Download A Beautiful Pageant Book in PDF, Epub and Kindle

The Harlem Renaissance was an unprecedented period of vitality in the American Arts. Defined as the years between 1910 and 1927, it was the time when Harlem came alive with theater, drama, sports, dance and politics. Looking at events as diverse as the prizefight between Jack Johnson and Jim 'White Hope' Jeffries, the choreography of Aida Walker and Ethel Waters, the writing of Zora Neale Hurston and the musicals of the period, Krasner paints a vibrant portrait of those years. This was the time when the residents of northern Manhattan were leading their downtown counterparts at the vanguard of artistic ferment while at the same time playing a pivotal role in the evolution of Black nationalism. This is a thrilling piece of work by an author who has been working towards this major opus for years now. It will become a classic that will stay on the American history and theater shelves for years to come.

Framed

Framed
Author: Elizabeth Carolyn Miller
Publsiher: University of Michigan Press
Total Pages: 297
Release: 2008-10-30
Genre: Literary Criticism
ISBN: 9780472050444

Download Framed Book in PDF, Epub and Kindle

By introducing us to the New Woman Criminal, Framed offers a profoundly different view of the fin de siècle British crime narrative

Performing Hysteria

Performing Hysteria
Author: Johanna Braun
Publsiher: Leuven University Press
Total Pages: 265
Release: 2020-11-16
Genre: Social Science
ISBN: 9789462702110

Download Performing Hysteria Book in PDF, Epub and Kindle

We seem to be living in hysterical times. A simple Google search reveals the sheer bottomless well of “hysterical” discussions on diverse topics such as the #metoo movement, Trumpianism, border wars, Brexit, transgender liberation, Black Lives Matter, COVID-19, and climate change, to name only a few. Against the backdrop of such recent deployments of hysteria in popular discourse––particularly as they emerge in times of material and hermeneutic crisis––Performing Hysteria re-engages the notion of “hysteria”. Performing Hysteria rigorously mines late 20th- and early 21st-century (primarily visual) culture for signs of hysteria.

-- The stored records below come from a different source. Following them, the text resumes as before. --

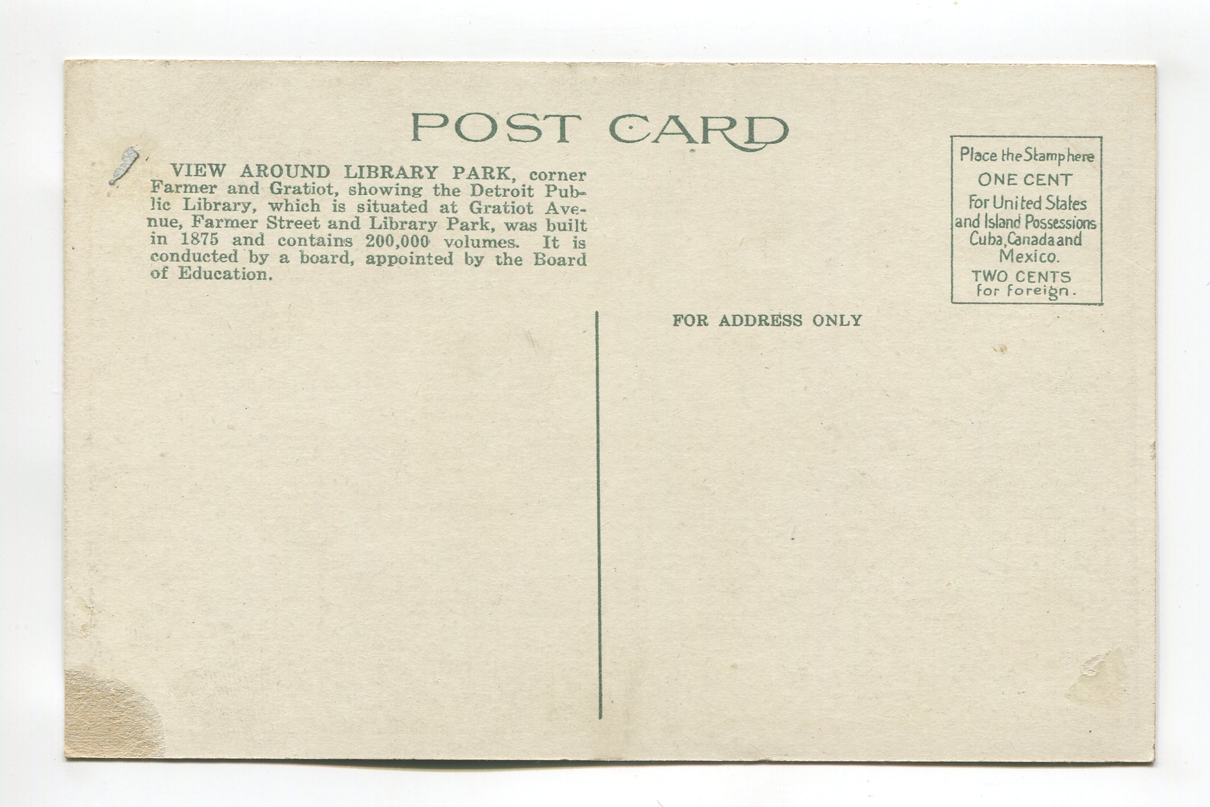 View Around Library Park Corner Farmer and Gratiot Detroit Michigan postcard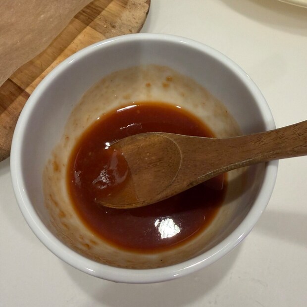 ※タレは焼肉のタレにケチャップはお好みの量で、砂糖は少し。全部混ぜて電子レンジで20〜30秒ほどチンしてください♪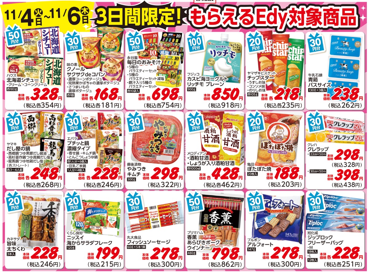 11/4(火)~11/6(木)3日間限定!もらえるEdy対象商品
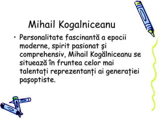 Mihail Kogălniceanu, o personalitate marcantă a epocii moderne, a fondat revista Dacia Literară pe 30 ianuarie 1840 la Iași, în contextul procesului de modernizare a principatelor. Revista nu s-a concentrat exclusiv pe literatură, ci a promovat idealurile pașoptiștilor, incluzând combaterea imitației și dezvoltarea unei literaturi naționale. În primul număr, Kogălniceanu a enunțat programul revistei, care cuprindea patru puncte fundamentale pentru dezvoltarea culturală națională.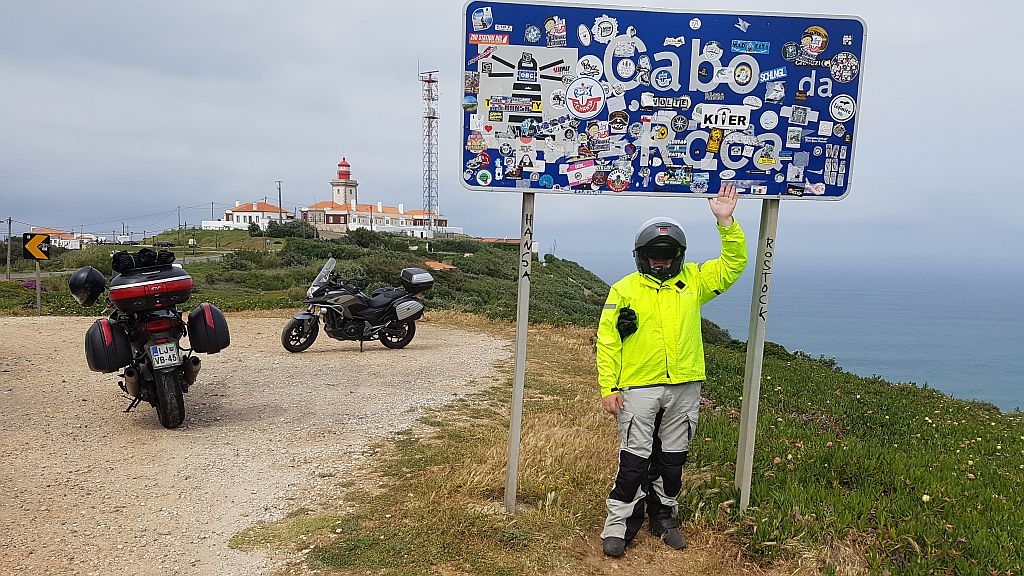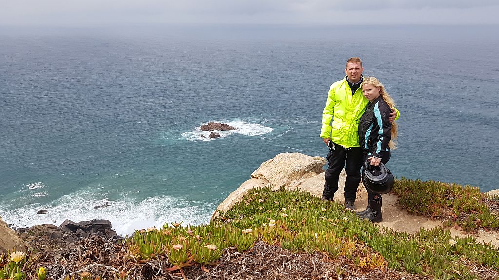 Lep razgled. Je pa zelo pihalo, da nas je skoraj odneslo. Seveda nismo pozabili nalepiti naše moto nalepke. Pot smo nadaljevali do najlepšega gradu na Portugalskem.
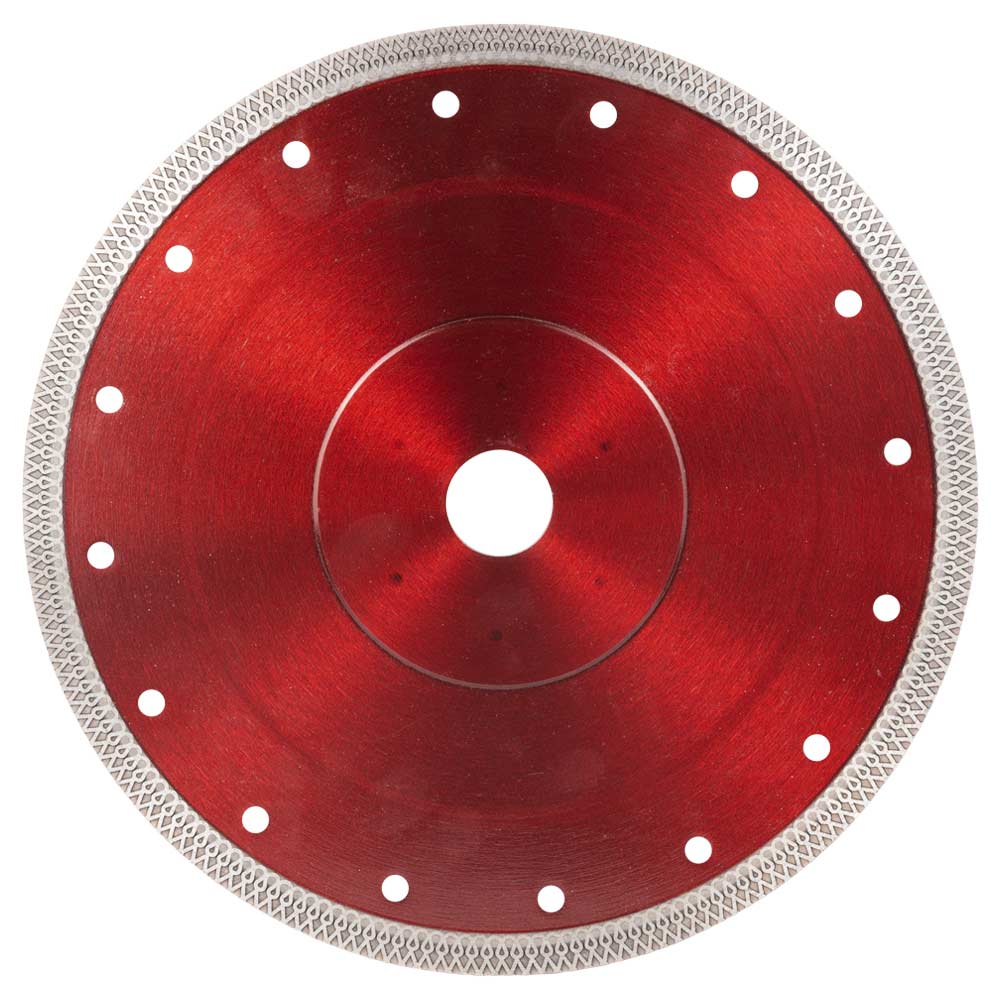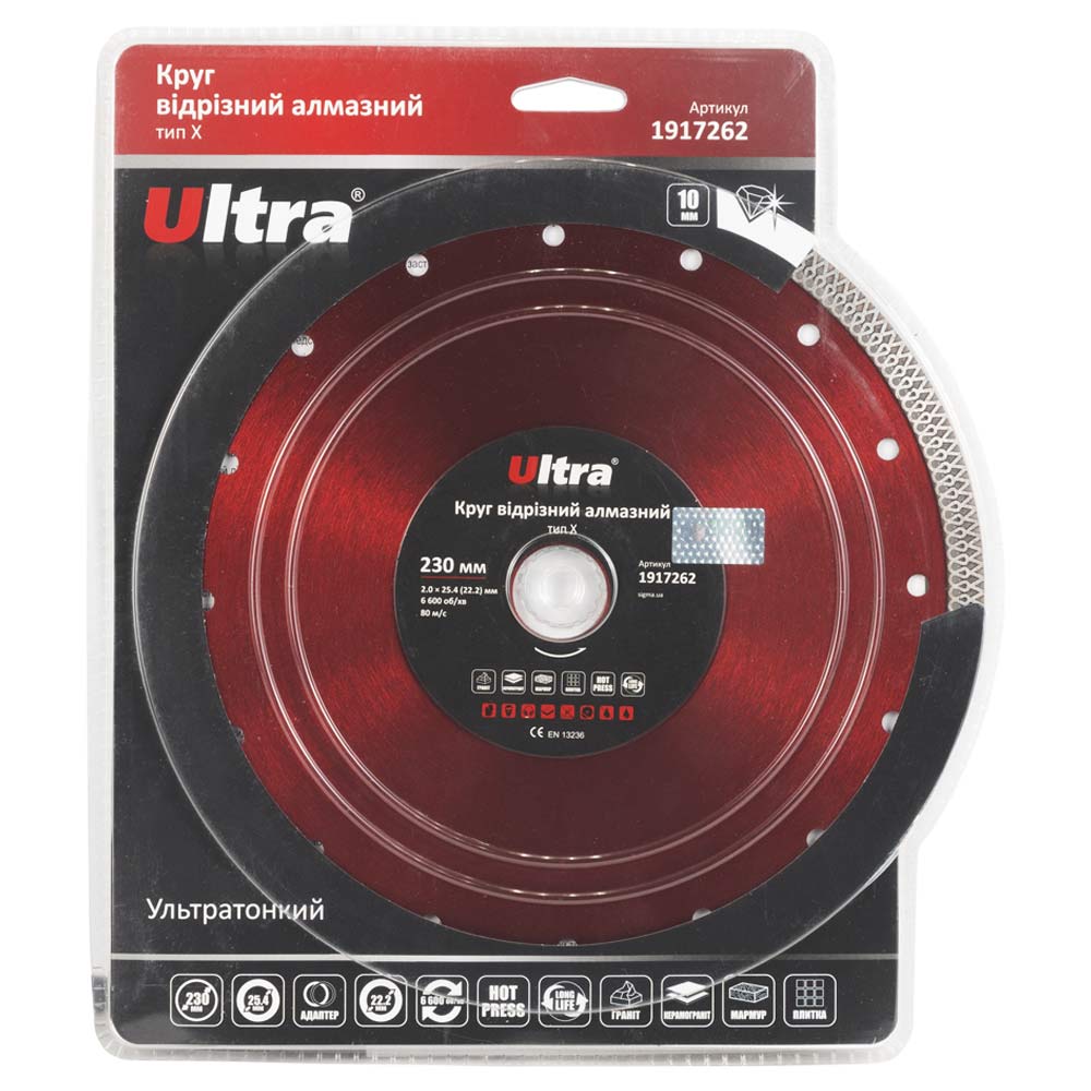 Круг отрезной алмазный Ultra тип Х Ø230 х 25.4 (22.2) мм – оснастка максимальной производительности для мощных УШМ 230 мм и плиткорезов, предназначенная для чистого и скоростного раскроя больших плит керамогранита и камня. Жесткий корпус с фланцем и ультратонкая Х-образная кромка обеспечивают непревзойденное качество реза на больших длинах.

The various essays in this volume contribute to the multilayered and complex discussions that surround and foster this resurgent interest in hysteria––covering such areas as art, literature, theatre, film, television, dance; crossing such disciplines as cultural studies, political science, philosophy, history, media, disability, race and ethnicity, and gender studies; and analysing stereotypical images and representations of the hysteric in relation to cultural sciences and media studies. Of particular importance is the volume's insistence on taking the intersection of hysteria and performance seriously.